Following My Dreams Doesn’t Pay the Bills

I don’t really know what direction to go with my life.

That’s a scary thing to admit. Nobody gets all warm and fuzzy knowing that there doesn’t seem to be any direction to their future.

I mean, maybe some people do. Maybe there are those out there who love the feeling of not having commitments and being able to wake up every day not knowing what’s going to happen.

But that’s not me.

I like routine. I like having a plan. Knowing what I can expect from the future is comforting to me.

So, not having any idea where to go next is pretty much the worst.

For most of my life there was always an obvious next step, and there was no reason to wonder what was coming next.

After middle school you go to high school.

After high school you go to college.

After college you get a job.

That’s just what you do.

And that’s pretty much what I did.

I went all the way through the steps, but after working 4 jobs in the 3 years since getting my degree I’m feeling pretty lost.

I’ve been told that this is an opportunity. It’s a chance for me to identify what really makes me happy and then to pursue it.

“Follow your dreams”

“Find your passion”

Well, my passion is spending time with the people I care about. It’d be great if I could make money by staying home with my family, but that’s clearly not an option.

My dream career — something I do that could provide me with the financial stability I need in order to spend time with those I care about — would be something like creating this blog.

You know, sharing my thoughts with others and knowing that I’m making a difference in their lives. I love being able to write, or speak to a group, and know that the way they think about life is somehow different because of something I said.

“Then keep doing it, Denver.”

Well, Susan, following my dreams doesn’t pay the bills.

I don’t earn anything by doing this, and I’m currently working a part-time job at a grocery store for minimum wage while living with my parents in order to pay my bills. The same job I had 11 years ago as a 16-year-old, actually.

And this is after I earned my degree, had multiple salaried positions, rented my own apartment, and been weeks away from owning my own house.

But hey, at least I’m following my dreams.

** Sarcastically finger guns out of the room **

I know people mean well when they compliment me on my writing/speaking and when they tell me to keep pursuing it, but I’m really frustrated with where I am at this point in my life.

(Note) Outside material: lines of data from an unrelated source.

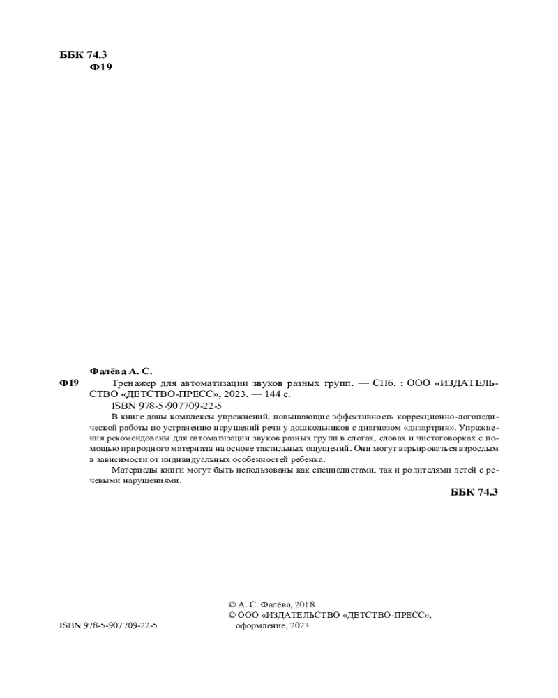 💳 Оплатить за товар можно при получении 🇰🇿 Есть бесплатная доставка по Казахстану от 1 дня 🎁 Копите бонусы с каждой покупки В книге даны комплексы упражнений, повышающие эффективность коррекционно-логопедической работы по устранению нарушений речи у дошкольников с диагнозом «дизартрия». Упражнения рекомендованы для автоматизации звуков разных групп в слогах, словах и чистоговорках с помощью природного материала на основе тактильных ощущений. Они могут варьироваться взрослым в зависимости от индивидуальных особенностей ребенка. Материалы книги могут быть использованы как специалистами, так и родителями детей с речевыми нарушениями. |
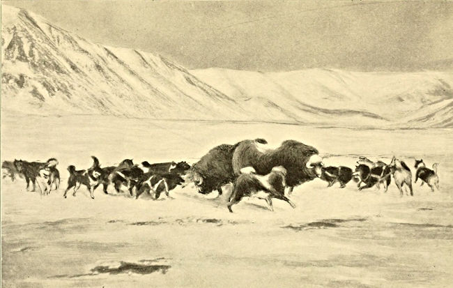 Hunting musk-oxen on the Arctic Coast or the Arctic islands after the manner of the polar expeditions, is a much simpler proposition. There the hunters are always comparatively near their base of supplies, and, from all accounts, the musk-oxen are more numerous than they are in the interior. According to Frederick Schwatka, the Innuits hunt musk-oxen with great skill. They hitch their dogs to the sledge differently from the method of the Indians to the south. The southern Indians hitch their four dogs in tandem between two common traces, one on each side; while each Eskimo dog has his own single trace, which is hitched independently to the sledge. When the Innuits sight the musk-oxen, each hunter takes the dogs of his sledge, and holding their traces in his hand, starts after the game. The wisdom of this method is twofold: in the first place it immeasurably aids the running hunter, for the four or five straining dogs practically pull him along; indeed, Schwatka says that when these Innuits come to a hill they squat and slide down, throwing themselves at full length upon the snow of the ascending bank, up which the excited dogs drag them without any effort on the part of the hunter. I should like to add here that if such a plan were pursued in the Barren Grounds over the rocky ridges, the remains of the hunter would not be interested in musk-ox hunting by the time the top of a ridge was reached. Seriously, the chief value of hunting in this style is that the hunter controls his four to six dogs, the usual number of the Eskimo sledge. When they have caught up with the musk-ox herd, he then looses them and he is there to begin action. The Eskimo dogs are very superior in breed to those used by the Indians farther south, and are trained as well to run mute.
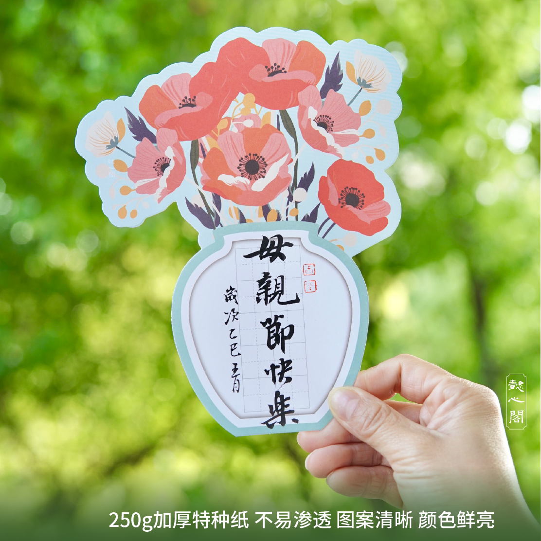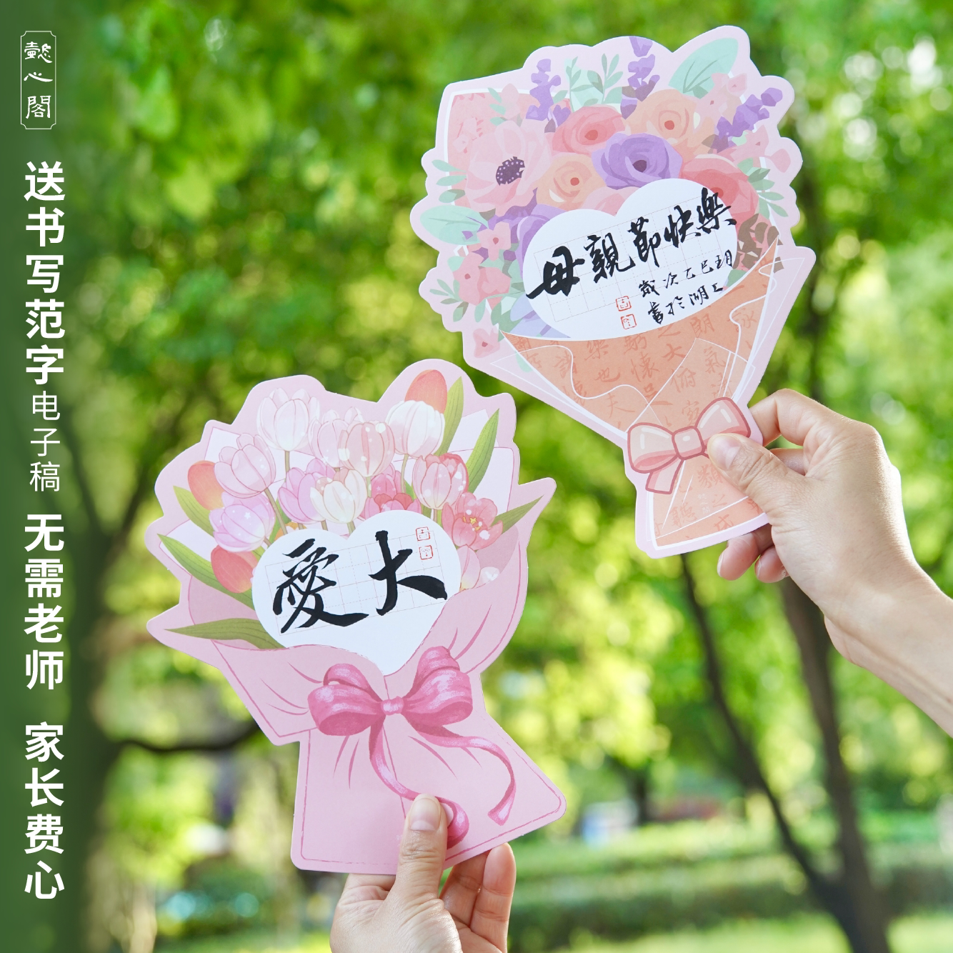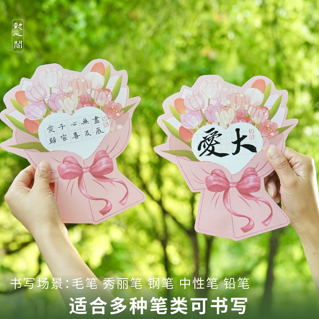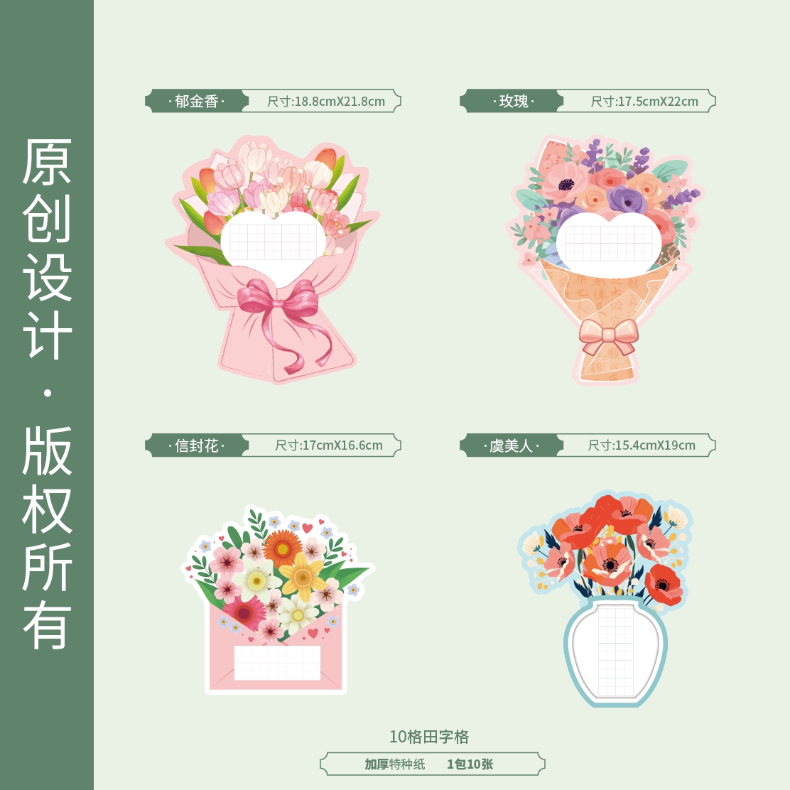 懿心阁妇女节花束创意硬笔书法作品纸手写节日祝福花朵贺卡田字格书法纸小学生鲜花卡片

I just didn’t think I was going to be here.

I didn’t think I was going to have to live with my parents again. I didn’t think I was going to have to go back to the job I had in high school.

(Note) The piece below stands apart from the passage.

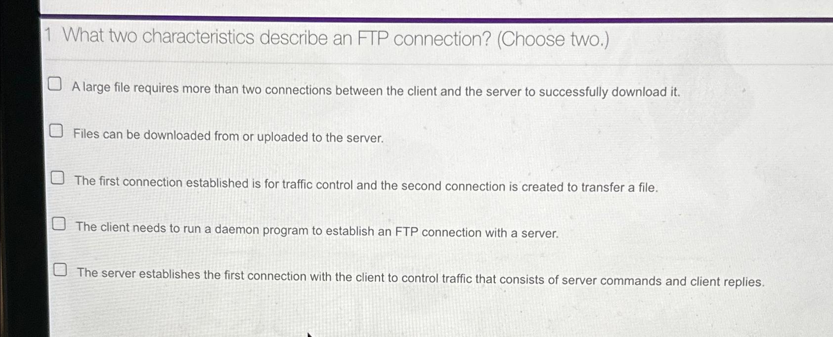 What Two Characteristics Describe An Ftp Connection - To transfer files, ftp requires two connections between the client and the server: Ftp operates in two modes: In active mode, the client initiates a connection to the. Study with quizlet and memorize flashcards containing terms like what two characteristics describe an ftp connection? One for commands and replies and another for the.
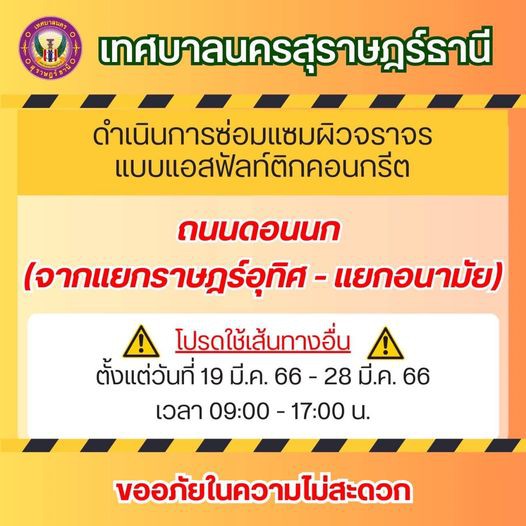 #เทศบาลนครสุราษฎร์ธานี ดำเนินการซ่อมแซมผิวจราจรแบบ แอสฟัลท์คอนกรีต ถนนดอนนก (จากแยกราษฎร์อุทิศ- แยกอนามัย)

My life just seems to be going in the wrong direction.

And every time I get really excited about something I’ve written, or something I’ve said in a public setting, I have to sit there and watch as nothing comes from it.

I really would love to follow my dreams. I’d love to be able to make a living by writing my thoughts and sharing them with others. Being asked to speak to different groups about things that could potentially change the way they live their lives would be incredible.

But I look at where I am vs. where I want to be, and it all just seems impossible.

One thought on “Following My Dreams Doesn’t Pay the Bills

  1. It does seem impossible, but it’s not. It’s just not possible tomorrow. I was able to write exactly the kind of articles I wanted to at the high school newspaper but when I was lucky enough to get a job at a real newspaper, they put me in the sports department taking calls from coaches whose games we didn’t cover and writing three-paragraph stories with no byline. But after months of that, it led to actually covering a few high school sporting events. Eventually, that led to me working with the traditional news division and writing about everything else. Did the assignments suck? Sure, I was the bottom of the ladder, but I was being paid to write, even if it was to cover the birthday of a 108-year-old man. After a while, the assignments got a little better. Then, when the newspaper announced they were starting an expanded entertainment section on Fridays, I pitched a local music column. They went for it and, after three years, was allowed to write my opinion about something.
    Over the next 11 years I bounced around a few newspapers and magazines, but was always slowly moving upward. I finally pulled the trigger on an idea I had and launched a regional magazine. Now, I was the boss and I had 100% control over what I wanted to write, be it opinion pieces or hard news or fluffy features. After 14 years, I finally got what I wanted.
    That lasted about 5 years, then all kinds of crazy shit went down — you can read my blog for all that stuff — and for the last 2+ years, I’ve sat at home and been a freelance writer. Yes, you can sit on your ass in your favorite chair, laptop open, and make a living. Sure, you have to grind it out at first and slowly build a client base, but at this point, I wouldn’t trade the freedom I have working at home for any desk job.
    You CAN do this. You just have to commit yourself to it. Be patient. Plot a path and by the time you’re in your late 30s and early 40s, you’ll be in a position to do exactly what you want.